### ABOUT THIS TASK
Repeat the listing exactly, minus the pictures.

### DATA SEGMENT
******************************
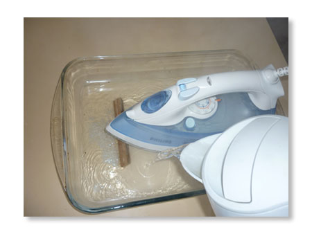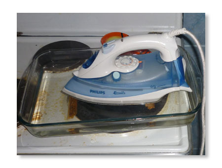 Voda treba da pokriva grejnu ploču pegle na 1-1,5 centimetar. Svi gumeni i električni dijelovi treba da se nalaze iznad vode. Pegla je naravno isključena.
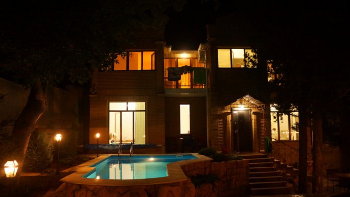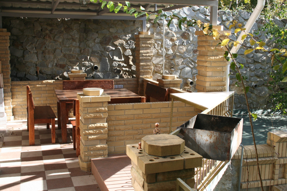 На улице беседка с барбекю и бассейн.
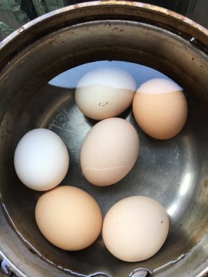 鸡蛋洗干净,凉水下锅!煮熟(判断煮熟的标准是,煮好捞出在桌子上能转起来就熟啦!)
******************************
### RESULT OF THIS EXERCISE
 Voda treba da pokriva grejnu ploču pegle na 1-1,5 centimetar. Svi gumeni i električni dijelovi treba da se nalaze iznad vode. Pegla je naravno isključena.
 На улице беседка с барбекю и бассейн.
 鸡蛋洗干净,凉水下锅!煮熟(判断煮熟的标准是,煮好捞出在桌子上能转起来就熟啦!)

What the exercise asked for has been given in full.